The lady fled by night from her sisters all;
Only a few she took with her - two of them, no more.
To the Thames she went and found a boat waiting, by God's plan,
And therein she found an angel who took them to the land.
For dread of the king she fled that place, as God it did provide,
But dared not go to any town, nor in any house hide.
As best she might she hid herself in a wood called Binsey
Three winters in a cave she lived, where no one could her see.

A maiden who for seven years nothing could see
Came to her within the wood, and fell down upon her knee:
Her eyes the holy maiden washed with water in her hands
And as whole as any fish the maid again did stand.

[apparently 'as healthy as a fish' was a genuine Middle English saying.  That seems impossibly ridiculous, but it is true, and google suggests it exists in other languages today...]

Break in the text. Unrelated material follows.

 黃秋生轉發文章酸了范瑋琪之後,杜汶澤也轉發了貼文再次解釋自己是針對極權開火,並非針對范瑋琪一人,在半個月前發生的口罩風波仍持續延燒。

The king then came to Oxford, furious, almost mad,
And planned to do to the maiden something very bad.
As soon as he came to the city, he thought that he would fight
And seize this maiden Frideswide by strength, against the right.
He asked where she had gone, and was told that she had fled:
That she in the wood of Binsey had in secret hid.
The king rode towards the wood with hawks and hunting-hounds,
To seek the holy maid and get her in his hands.
When the maiden heard this, she soon began to flee
To Oxford very secretly, where no one could her see;
But as she fled they spotted her, and pursued her very fast;
After her they all galloped, the king was not the last.
The maiden escaped into the town, by God's grace.
The king's horse stumbled outside the gate in a level place
And fell, and broke the king's neck; and that was all he won!
Then none of his men dared within the city come.
The maiden remained within in peace, protected from her foe;
Glad was anyone who could speak with her or to her go.
Of her holy life they all spoke, far and near,
Throughout all England was no one thought her peer.

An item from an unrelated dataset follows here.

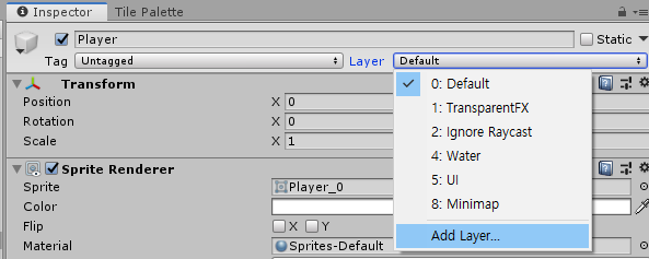 1. 인스펙터 창 우측 상단에 Layer를 추가한다.

A very great wonder happened another day,
To a fisherman who, with his friends, in a boat sleeping lay.
He began to rave when he awoke from sleep,
And there among his companions he madly began to leap,
So that he seized one of his friends and suddenly him slew,
And when he had killed him, with his teeth he began to chew.
All those who could reach him, on him they set their hands,
And barely, with much labour, they got him tied and bound.
All their thought was to take the man to that holy maid
That she might cure the man possessed, if she for him prayed.
The maid marked the cross on the top of his head;
The bound body fell down, as if it were dead.
The maid had him unbound at once, in every wise,
And bid him, in God's name, whole and sound to rise.
Whole and sound the man arose and praised God in heaven
And the maid who released him from that wicked devil.

As she walked one day in the town, a leper she did meet;
At her feet the leper fell, and humbly did her greet.
He prayed to the lady, that her kiss might him heal;
She kissed him, and he was cured, just as God willed.
During her life it was well-known, the miracles she did,
And also after her death; they ought not to be hid!
She left this world on the morn that followed St Luke's day,
May God bring us to the bliss he prepared for that maid!  Amen.